[What the task asks]: Repeat the entries below word for word, though any picture in them should be dropped.

[Extracted data]:
━━━━━━━━━━
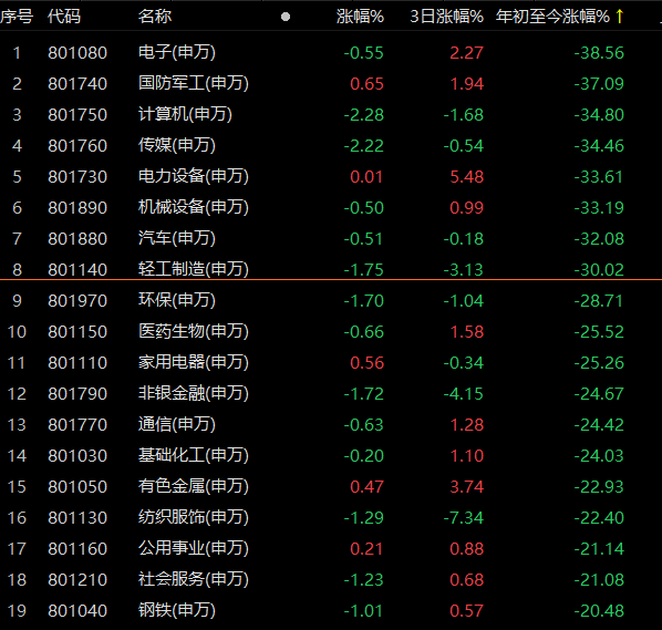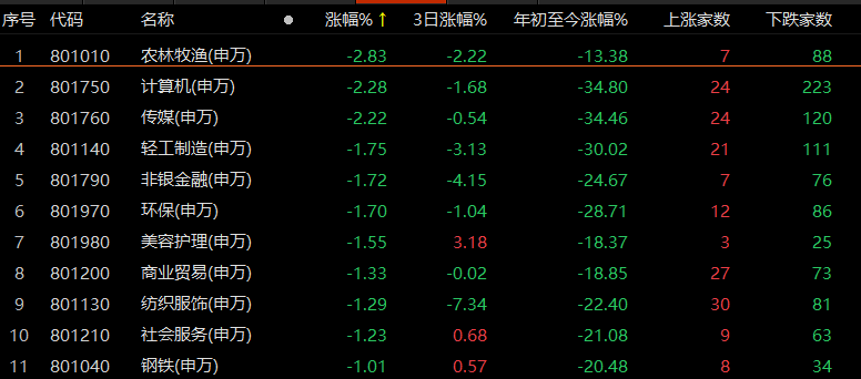 而农林牧渔板块跌近3%,计算机、传媒板块跌幅超过2%。
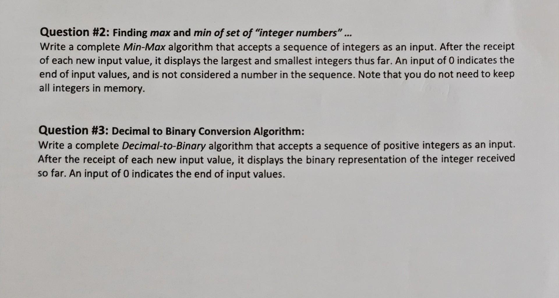 Solved Question #2: Finding max and min of set of "integer | Chegg.com
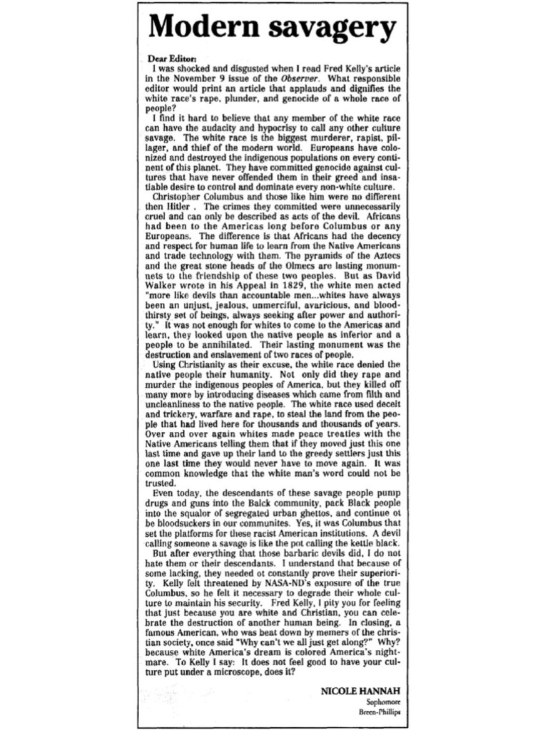 Nicole Hannah-Jones, an investigative reporter and founder of the 1619 Project, wrote a response article to Notre Dame’s The Observer stating that “the white race is the biggest murderer, ra…
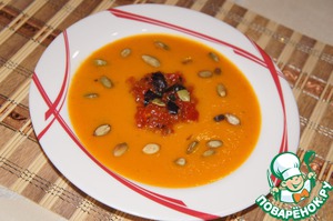 Оригинальный супчик для любителей тыквы и супов-пюре. Нежная консистенция и пикантный сладковатый гарнир. Очень необычно.
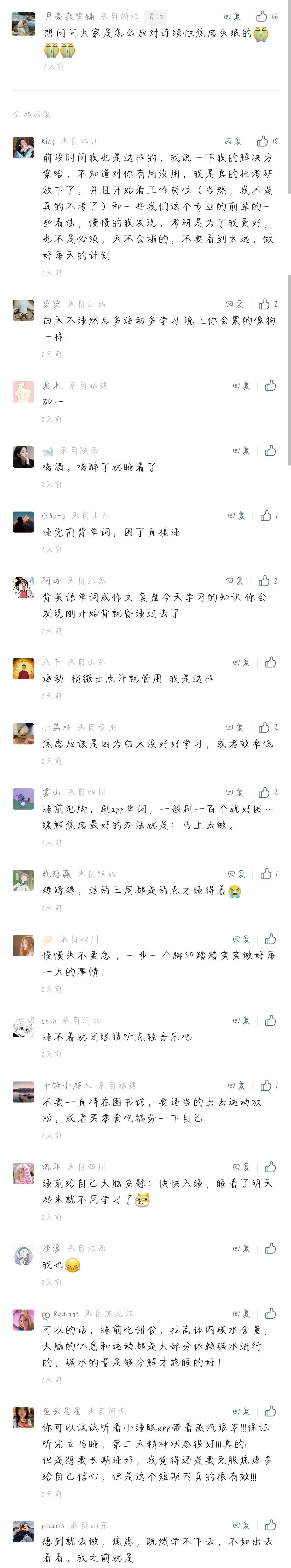 本周的田田圈互助问答是:如何应对连续性焦虑失眠?
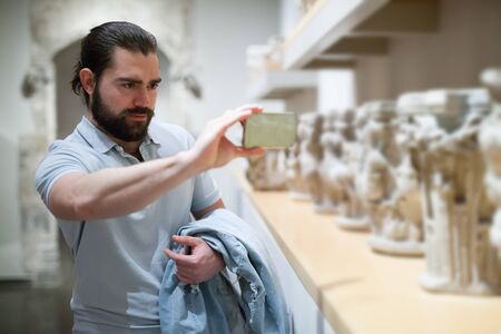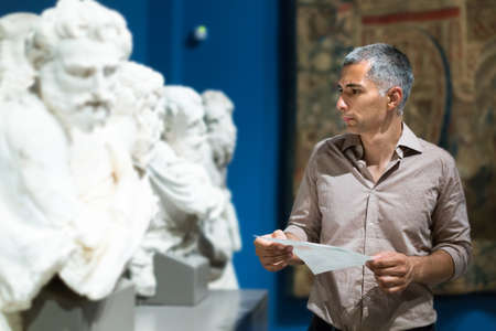 Portrait of contemporary man looking at sculptures and listening to audio guide at museum exhibition
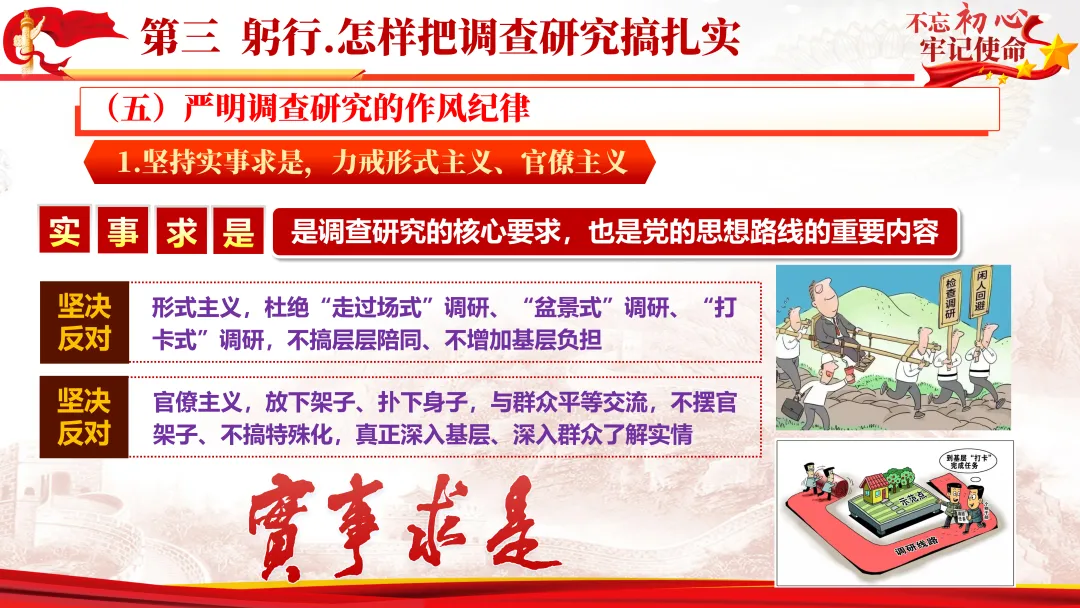 坚持实事求是,力戒形式主义、官僚主义
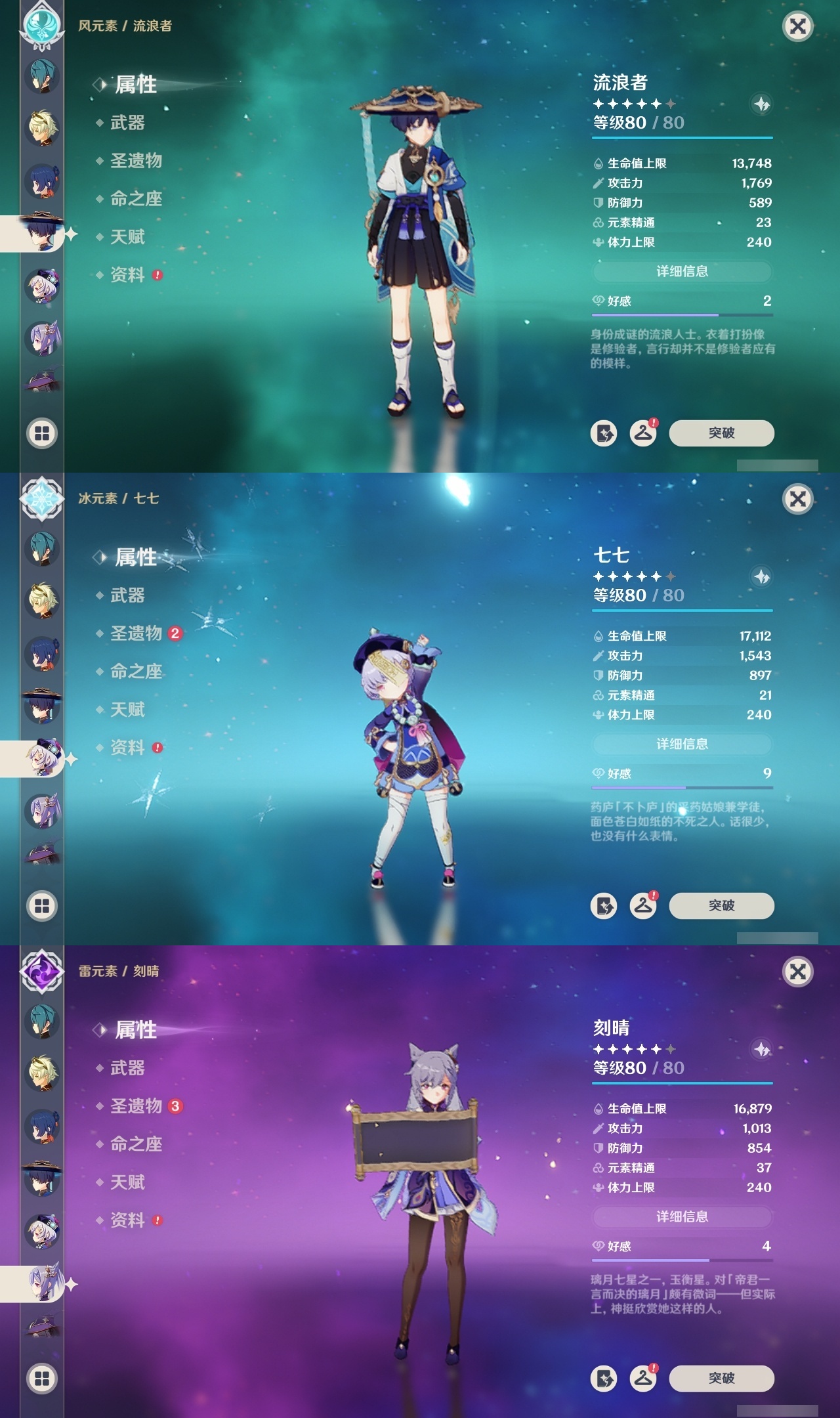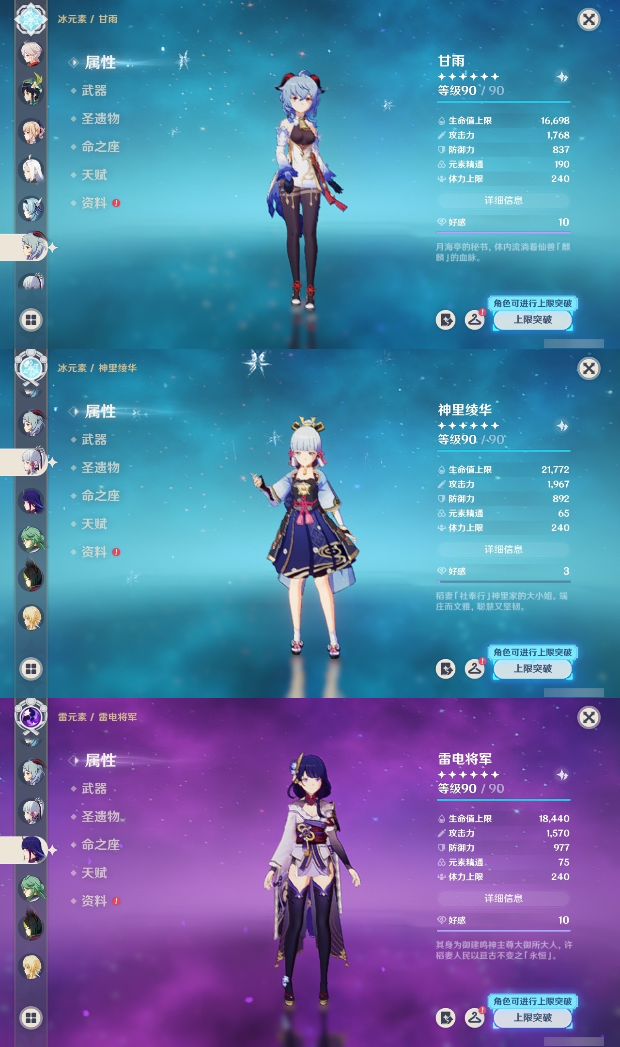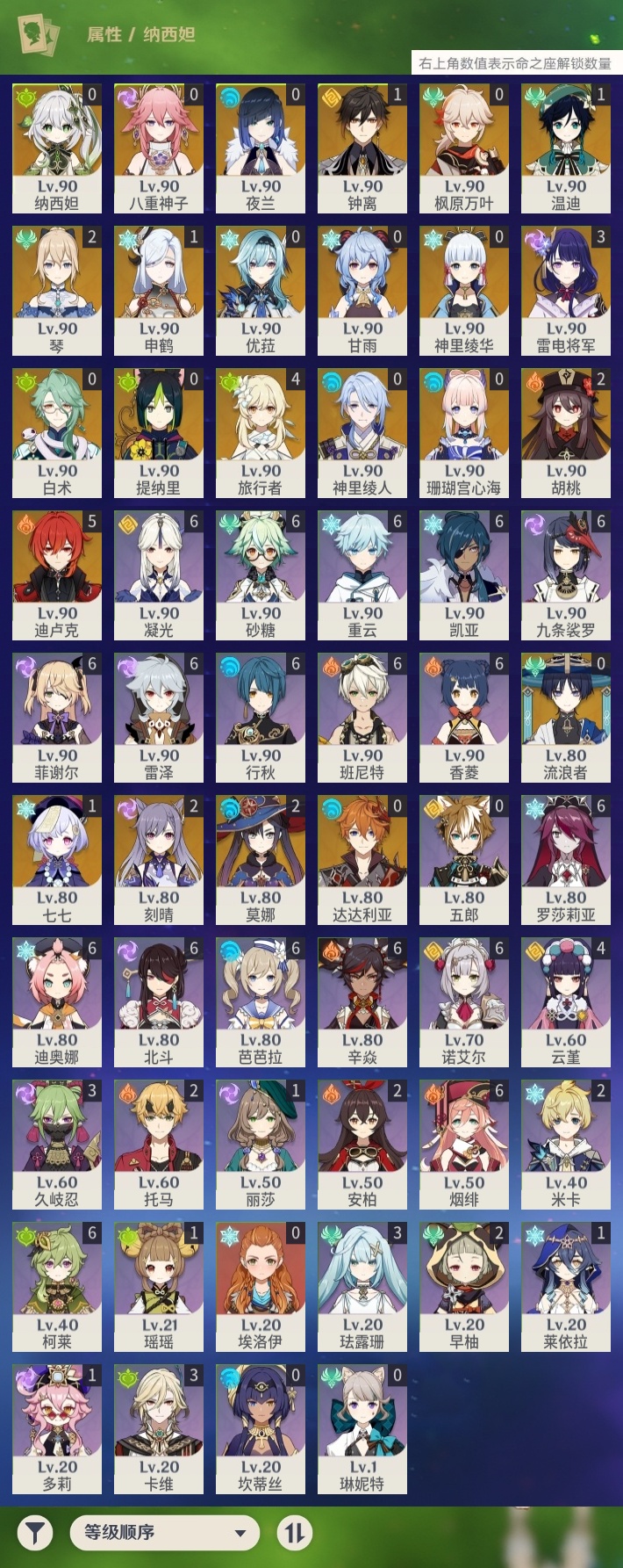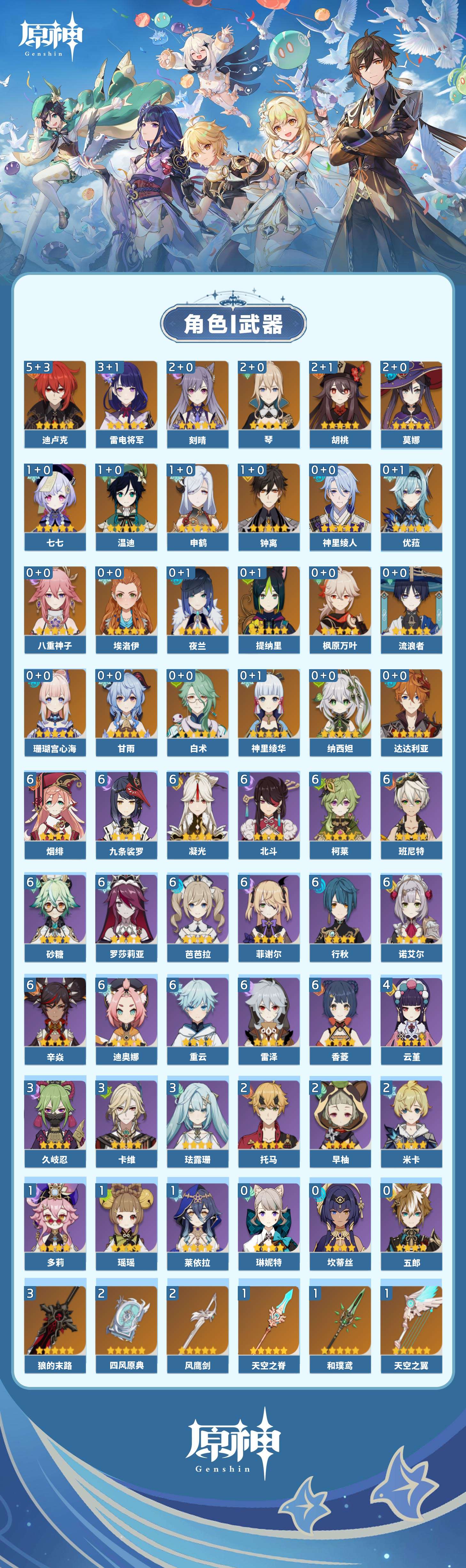 【原神】【lyys9320】冒险等级:60,五星数量:37,五星角色:迪卢克 5命雷电将军 3命胡桃 2命刻晴 2命莫娜 2命琴 2命七七 1命温迪 1命钟离 1命申鹤 1命珊瑚宫心海白术神里绫华优菈达达利亚八重神子神里绫人夜兰提纳里纳西妲流浪者枫原万叶甘雨__五星武器:狼的末路 3精风鹰剑 2精四风原典 2精和璞鸢护摩之杖松籁响起之时天空之脊天空之翼无工之剑雾切之回光薙草之稻光若水猎人之径__四星角色:班尼特 6命行秋 6命九条裟罗 6命香菱 6命凝光 6命迪奥娜 6命砂糖 6命柯莱 6命芭芭拉 6命烟绯 6命重云 6命辛焱 6命诺艾尔 6命罗莎莉亚 6命雷泽 6命菲谢尔 6命北斗 6命云堇 4命久岐忍 3命珐露珊 3命卡维 3命米卡 2命早柚 2命托马 2命瑶瑶 1命莱依拉 1命多莉 1命埃洛伊坎蒂丝五郎琳妮特
━━━━━━━━━━
[Task result]:
 而农林牧渔板块跌近3%,计算机、传媒板块跌幅超过2%。
 Solved Question #2: Finding max and min of set of "integer | Chegg.com
 Nicole Hannah-Jones, an investigative reporter and founder of the 1619 Project, wrote a response article to Notre Dame’s The Observer stating that “the white race is the biggest murderer, ra…
 Оригинальный супчик для любителей тыквы и супов-пюре. Нежная консистенция и пикантный сладковатый гарнир. Очень необычно.
 本周的田田圈互助问答是:如何应对连续性焦虑失眠?
 Portrait of contemporary man looking at sculptures and listening to audio guide at museum exhibition
 坚持实事求是,力戒形式主义、官僚主义
 【原神】【lyys9320】冒险等级:60,五星数量:37,五星角色:迪卢克 5命雷电将军 3命胡桃 2命刻晴 2命莫娜 2命琴 2命七七 1命温迪 1命钟离 1命申鹤 1命珊瑚宫心海白术神里绫华优菈达达利亚八重神子神里绫人夜兰提纳里纳西妲流浪者枫原万叶甘雨__五星武器:狼的末路 3精风鹰剑 2精四风原典 2精和璞鸢护摩之杖松籁响起之时天空之脊天空之翼无工之剑雾切之回光薙草之稻光若水猎人之径__四星角色:班尼特 6命行秋 6命九条裟罗 6命香菱 6命凝光 6命迪奥娜 6命砂糖 6命柯莱 6命芭芭拉 6命烟绯 6命重云 6命辛焱 6命诺艾尔 6命罗莎莉亚 6命雷泽 6命菲谢尔 6命北斗 6命云堇 4命久岐忍 3命珐露珊 3命卡维 3命米卡 2命早柚 2命托马 2命瑶瑶 1命莱依拉 1命多莉 1命埃洛伊坎蒂丝五郎琳妮特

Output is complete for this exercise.